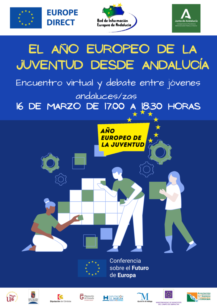 El próximo 16 de marzo y con motivo de la celebración del Año Europeo de la Juventud, el Centro Oficial de Información de la Comisión Europea, Europe Direct, llevará a cabo una actividad online de forma conjunta con los demás centros andaluces con el objetivo de propiciar un espacio de encuentro en el que los jóvenes debatan sobre temas como el Pacto Verde Europeo, la participación democrática y la movilidad en la Unión Europea.
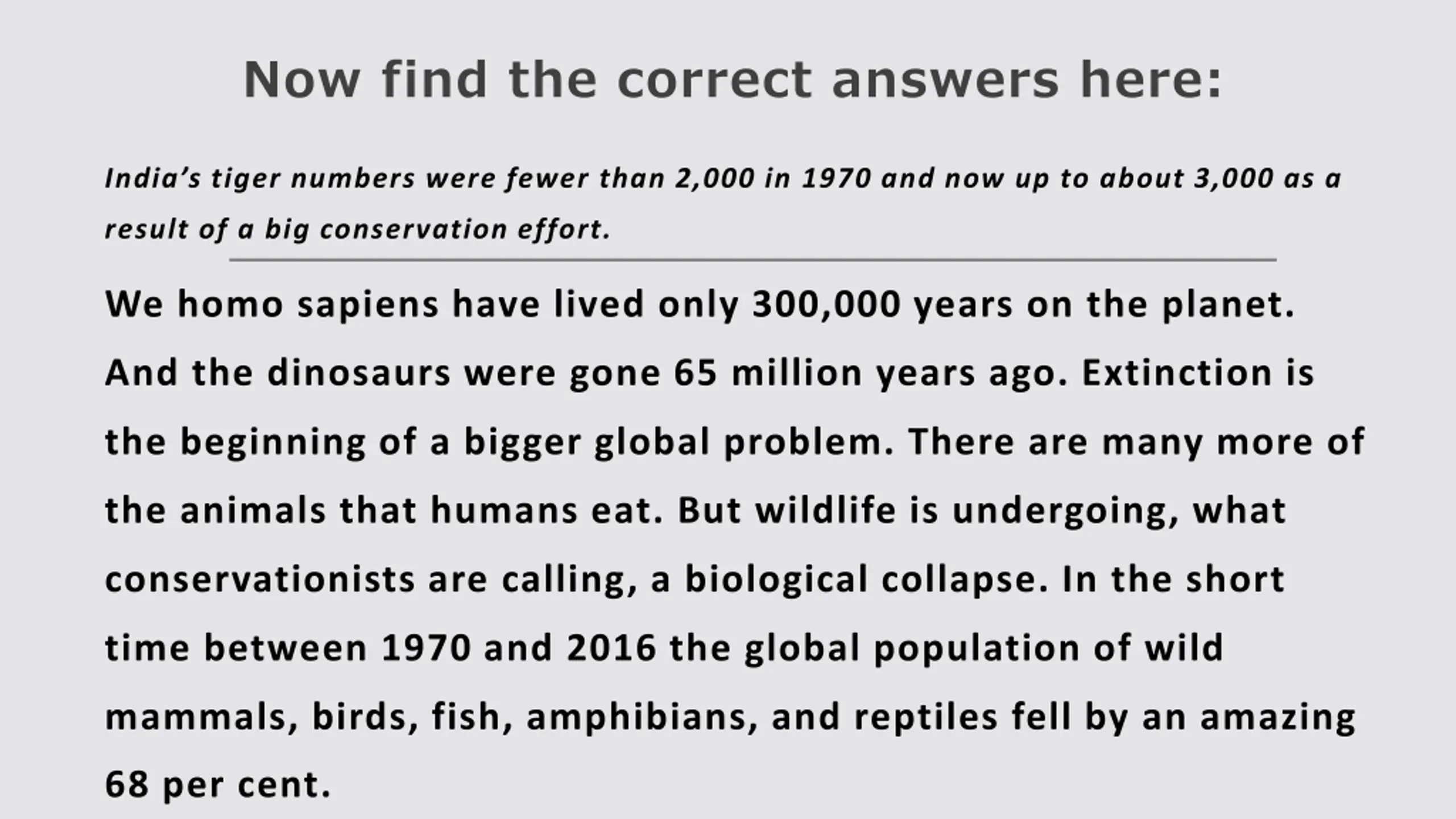 Now find the correct answers here: India s tiger numbers were fewer than 2,000 in 1970 and now up to about 3,000 as a result of a big conservation effort. We homo sapiens have lived only 300,000 years on the planet. And the dinosaurs were gone 65 million years ago. Extinction is the beginning of a bigger global problem. There are many more of the animals that humans eat. But wildlife is undergoing, what conservationists are calling, a biological collapse. In the short time between 1970 and 2016 the global population of wild mammals, birds, fish, amphibians, and reptiles fell by an amazing 68 per cent.
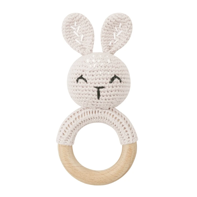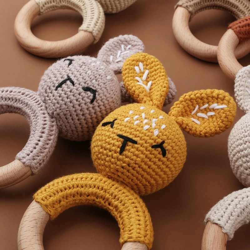 Mordedor de madera de conejito para bebé, sonajero de jirafa de ganchillo, juguete sin BPA, sonajero para roedores de madera, gimnasio móvil para bebé, logotipo personalizado educativo
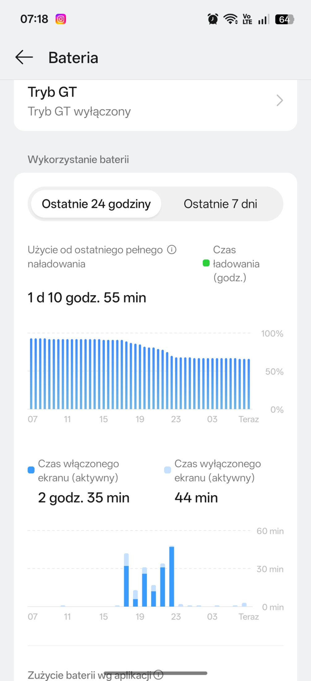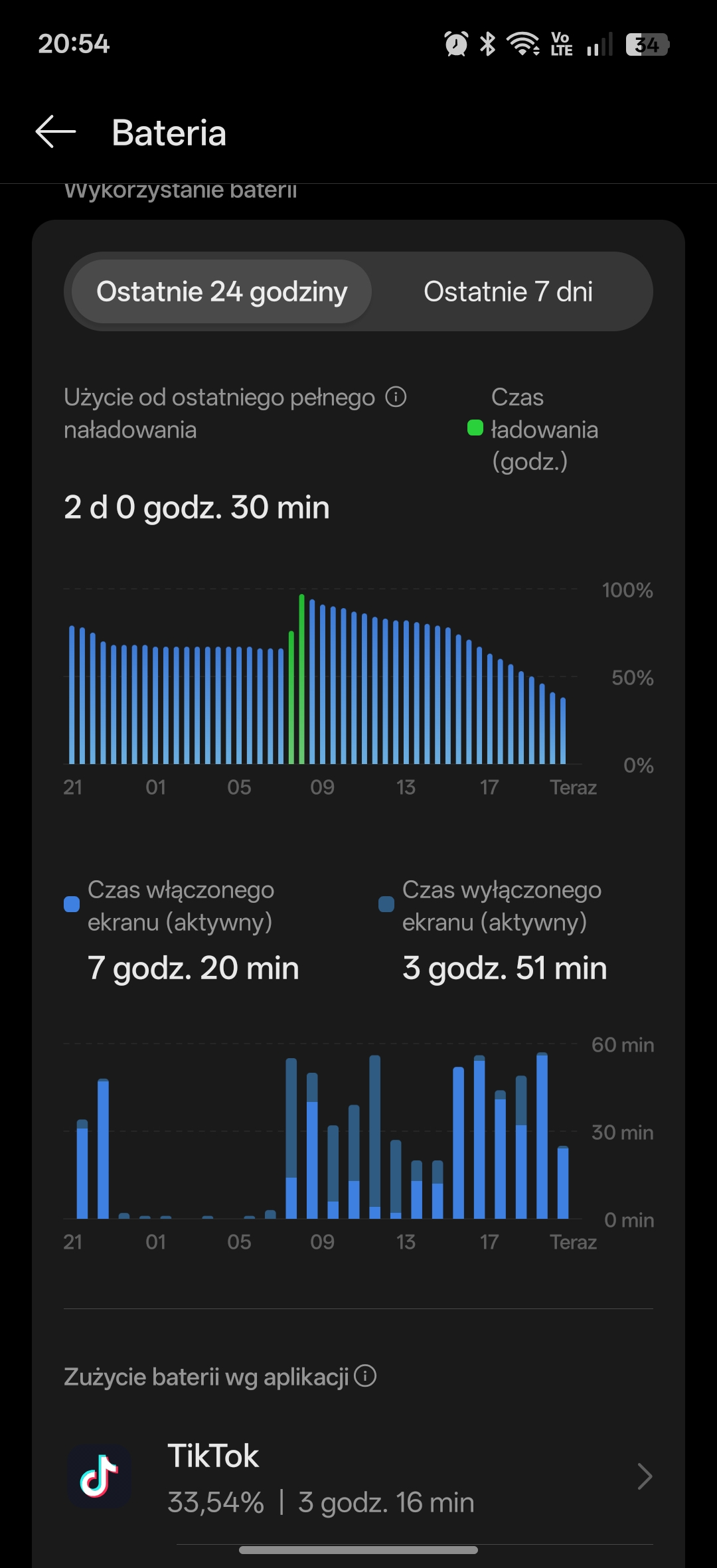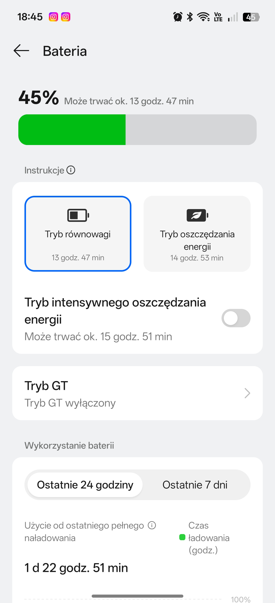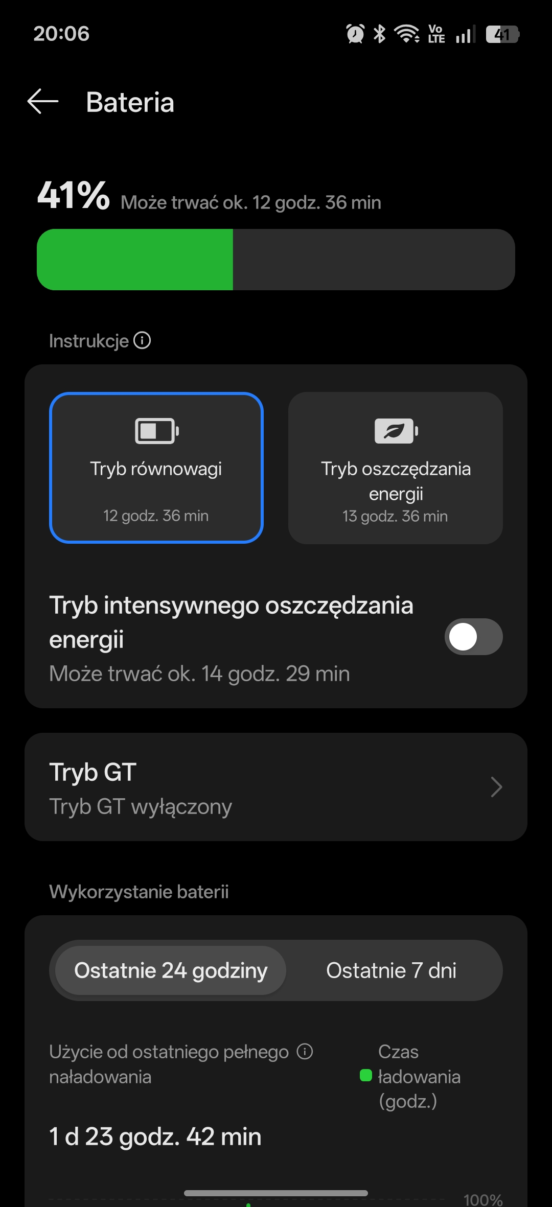 Mocną stroną urządzenia zdecydowanie jest bateria. realme 16 Pro+ wykorzystuje akumulator krzemowo-węglowy o pojemności 7000 mAh, a jednocześnie zachowuje przy tym naprawdę smukłą budowę. W praktyce urządzenie sprawdza się jako sprzęt na długie godziny pracy. Trudno rozładować go w ciągu jednego dnia nawet przy intensywnym użytkowaniu, więc zwykle kończyło się na dwóch do nawet dwóch i pół dnia na jednym ładowaniu. Przyznaję, że czasami po prostu nie miałam ochoty siedzieć na telefonie, więc z pewnością i to miało wpływ na czas działania.

################

• What the exercise asks: The lines from the one containing "Mordedor de madera" through the final line of the data are to be repeated exactly, with both ends included and all pictures left out.

• Your solution:
 Mordedor de madera de conejito para bebé, sonajero de jirafa de ganchillo, juguete sin BPA, sonajero para roedores de madera, gimnasio móvil para bebé, logotipo personalizado educativo
 Mocną stroną urządzenia zdecydowanie jest bateria. realme 16 Pro+ wykorzystuje akumulator krzemowo-węglowy o pojemności 7000 mAh, a jednocześnie zachowuje przy tym naprawdę smukłą budowę. W praktyce urządzenie sprawdza się jako sprzęt na długie godziny pracy. Trudno rozładować go w ciągu jednego dnia nawet przy intensywnym użytkowaniu, więc zwykle kończyło się na dwóch do nawet dwóch i pół dnia na jednym ładowaniu. Przyznaję, że czasami po prostu nie miałam ochoty siedzieć na telefonie, więc z pewnością i to miało wpływ na czas działania.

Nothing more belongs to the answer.